What you will do – Look below for the line with "размеры фонаря —", then repeat it and all lines after it, exactly, minus any pictures.

BEGIN Entries provided

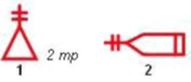 Командно-наблюдательный пункт роты: 1 - в обороне и в пешем порядке в наступлении; 2 - в движении на боевой машине пехоты (на другой технике - с соответствующим знаком). Командно-наблюдательный пункт взвода - с одной черточкой
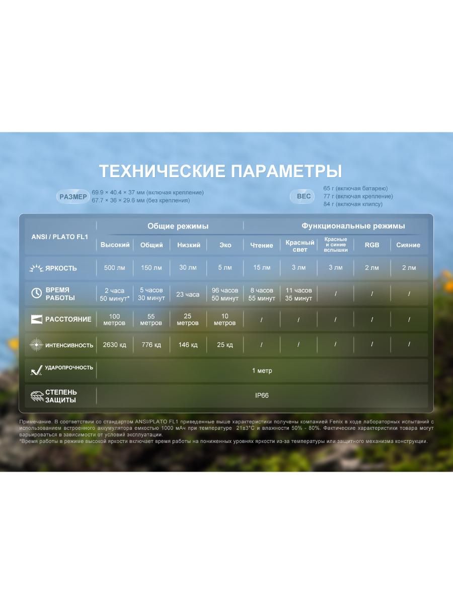 размеры фонаря — 69,9 × 40,4 × 37 мм (включая крепление);
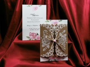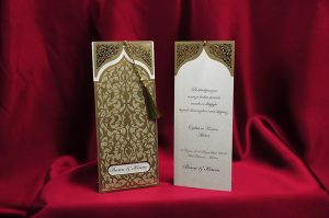 9158 Zarf Şeklinde davetiye koyu krem renklerinde ve yaldızlı penceresi mevcut yelda ve tezcan davetiyesi
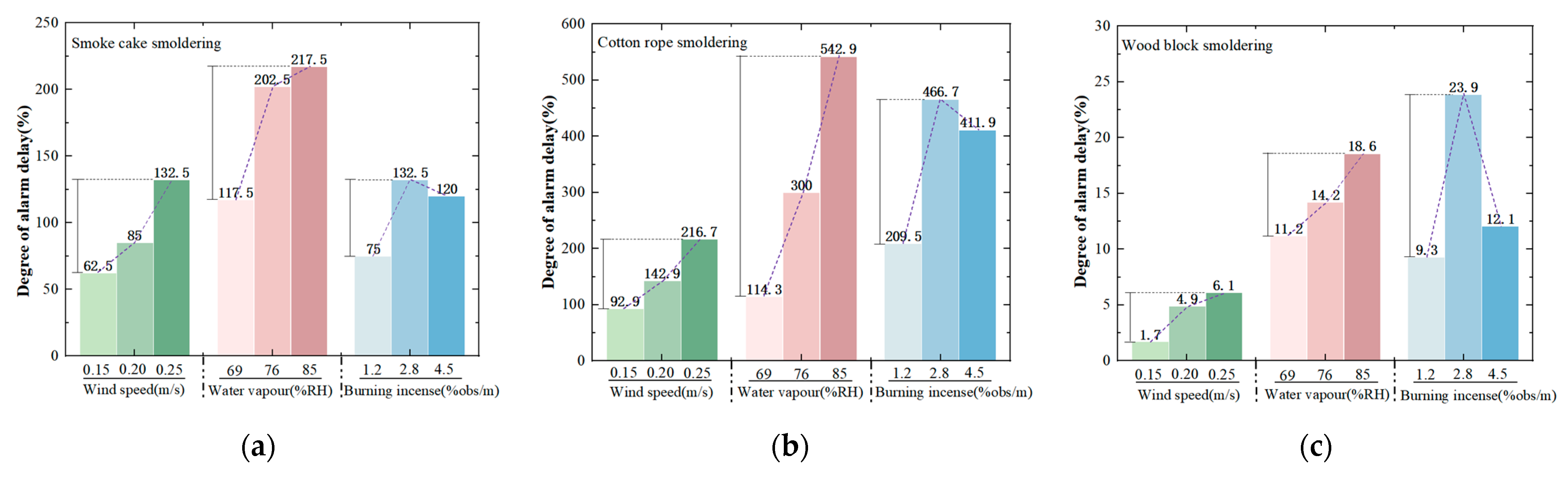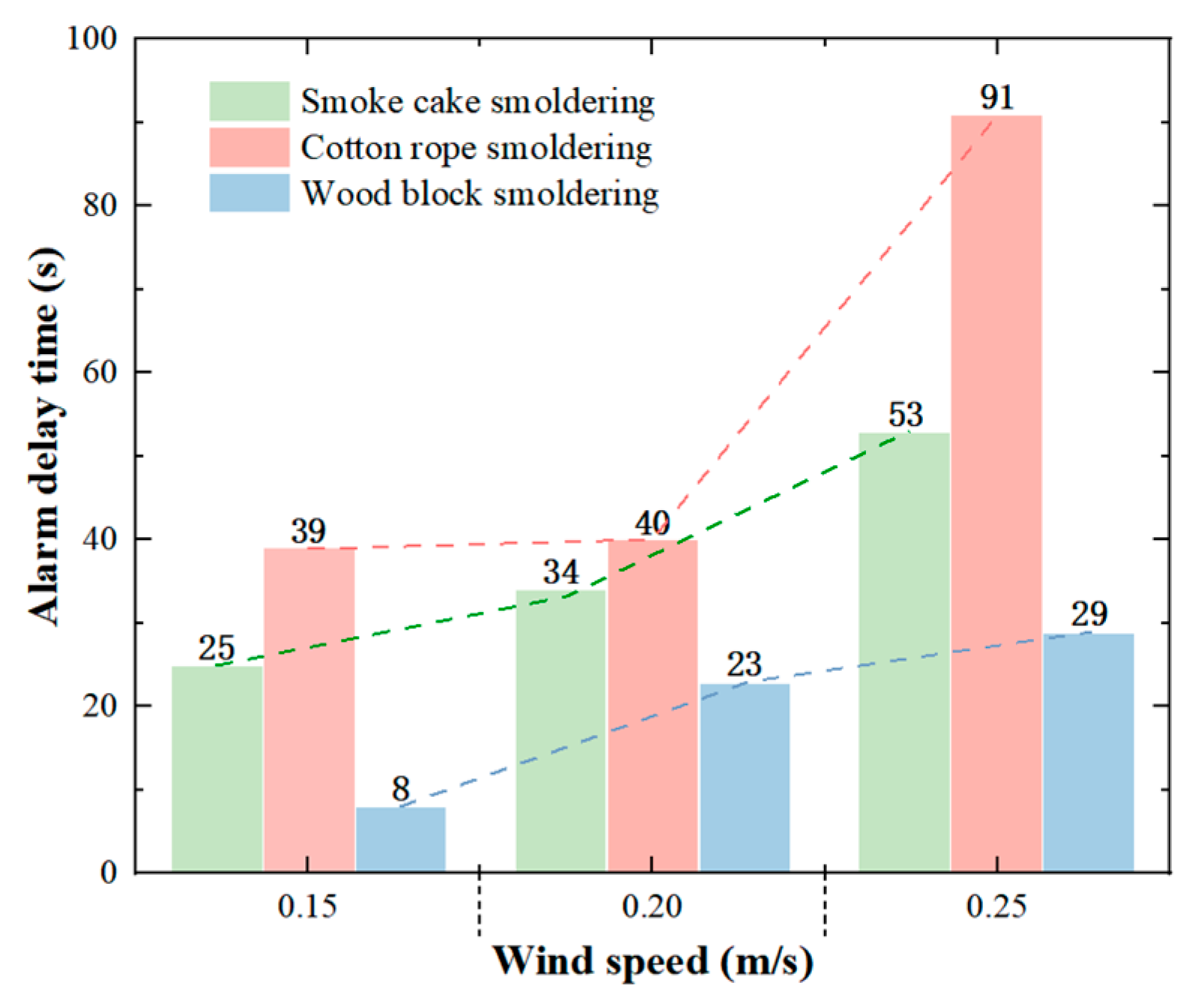 - In the case of smoldering conditions of the cotton rope, the alarm response time of fire detectors is significantly affected by various sources of interference. Among them, the influence of wind speed and water vapor interference conditions on the alarm delay time of the detector is significantly different. The impact of three interference conditions on the alarm time delay of the detector is as follows: water vapor interference > burning incense interference > wind speed interference.
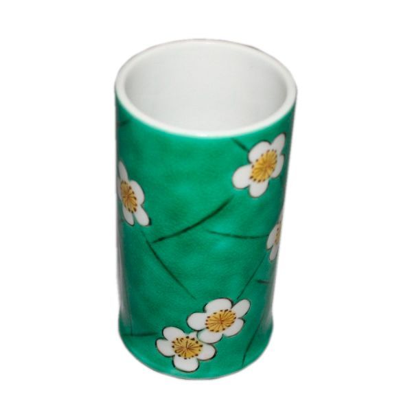 The Kutani nuri-shite ground is painted green with large ice cracks and white plum blossoms scattered on it. The classics come alive in a modern way.

END Entries provided

Expected output –
 размеры фонаря — 69,9 × 40,4 × 37 мм (включая крепление);
 9158 Zarf Şeklinde davetiye koyu krem renklerinde ve yaldızlı penceresi mevcut yelda ve tezcan davetiyesi
 - In the case of smoldering conditions of the cotton rope, the alarm response time of fire detectors is significantly affected by various sources of interference. Among them, the influence of wind speed and water vapor interference conditions on the alarm delay time of the detector is significantly different. The impact of three interference conditions on the alarm time delay of the detector is as follows: water vapor interference > burning incense interference > wind speed interference.
 The Kutani nuri-shite ground is painted green with large ice cracks and white plum blossoms scattered on it. The classics come alive in a modern way.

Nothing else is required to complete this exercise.